11 luglio 2011 / 15:13 / 6 anni fa

SCHEDA 1 - Debito pubblico italiano ed esposizione banche

(aggiorna livello massimo Btp decennale)

MILANO, 11 luglio (Reuters) - L'Italia ha il debito pubblico tra i più alti al mondo, fattore che rende il paese vulnerabile al contagio della crisi del debito della zona euro a causa di una crescita economia anemica e dell'incertezza politica.

Il rendimento del Btp decennale è salito fino al 5,73% oggi, toccando il massimo da oltre 10 anni, oltre tre punti percentuali in più rispetto al Bund tedesco.

Il differenziale di rendimento sui titoli di stato italiani rende la provvista più costosa per le banche italiane. Gli istituti sono sotto pressione a causa delle cospicue quantità di titoli di stato in portafoglio.

Di seguito alcuni dati sul debito dell'Italia e sull'esposizione delle banche italiane:

* I titoli di Stato italiani ammontano a 1.582,7 miliardi di euro a fine giugno secondo i dati del Tesoro.

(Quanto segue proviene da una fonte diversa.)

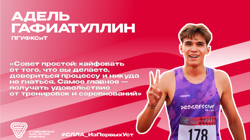 Адель Гафиатуллин — студент ПГУФКСиТ, мастер спорта по легкой атлетике в беге на 800 метров, победитель и призер студенческих и всероссийских стартов. Время знакомиться с ним! Как ты вообще попал в легкую атлетику, как развивался там твой путь до того, что есть сейчас? Попал в лёгкую атлетику в 2014 году, мне тогда было восемь лет. Привёл меня сосед. Я выбирал между шахматами и лёгкой атлетикой, оба занятия мне нравились. Чтобы определиться, мне сказали бросить монетку — и выпала лёгкая атлетика...

La vita media è di 7,09 anni.

* Il debito pubblico italiano ammonta a 1.890 miliardi di euro a fine aprile, secondo i dati Bankitalia. Il dato include la raccolta postale.

* L'Italia va verso un picco di rimborsi a settembre quando andranno a scadenza n46 miliardi di euro di Btp e Ctz, secondo i dati del Tesoro. Tra luglio e dicembre di quest'anno dovrà essere rimborsato un totale di 176 miliardi di titoli di Stato italiani.

Un punto percentuale di crescita nel rendimento medio del debito aumenterebbe di circa 1,5 miliardi la spesa per interesi del secondo semestre 2011.

* Il Fondo Monetario Internazionale ha stimato lo scorso aprile che il 47% del debito sovrano italiano del 2010 è detenuto all'estero.

* A fine maggio, secondo i dati Bankitalia, le banche residenti in Italia detenevano titoli di Stato italiani per 192 miliardi di euro. Inoltre nel primo trimestre 2011 avevano conto titoli circa 589 miliardi di euro in titoli di Stato per conto di clienti.

* Gli analisti di JP Morgan stimano che i titoli di Stato rappresentano il 6,33% degli asset complessivi delle banche italiane, dato più elevato rispetto al 5% relativo alle banche spagnole. Nella zona euro l'Italia è seconda soltanto alla Grecia dove le banche detengono titoli governativi pari al 10% degli asset totali.

* Secondo gli analisti un punto percentuale in più nel costo medio del debito pubblico italiano porta a una crescita simile nei costi delle emissioni di bond bancari. Secondo due analisti, non citabili, un punto percentuale in più nei costi di emissione di bond da parte delle banche taglierebbe l'eps tra il 5 e il 10%.

L'impatto è più significativo per le banche più piccole. L'effetto dell'aumento di costi di funding sugli utili 2011 è ovviamente minimo se le banche hanno già completato gran parte dei loro programmi.

* Secondo gli analisti di JP Morgan le banche italiane dovranno rifinanziare 53 miliardi di euro di bond in scadenza sul mercato 'wholesale' il prossimo anno.

* Il settore assicurativo e dei fondi pensione italiano ha aumentato negli ultimi tre anni del 10% la percentuale dei titoli sovrani in portafoglio portandoli al 32% degli asset totali, secondo gli analisti di JP Morgan. Il dato, in base agli analisto di JP Morgan, è più che doppio rispetto alla Francia e pari a tre volte a quello di Spagna o Germania.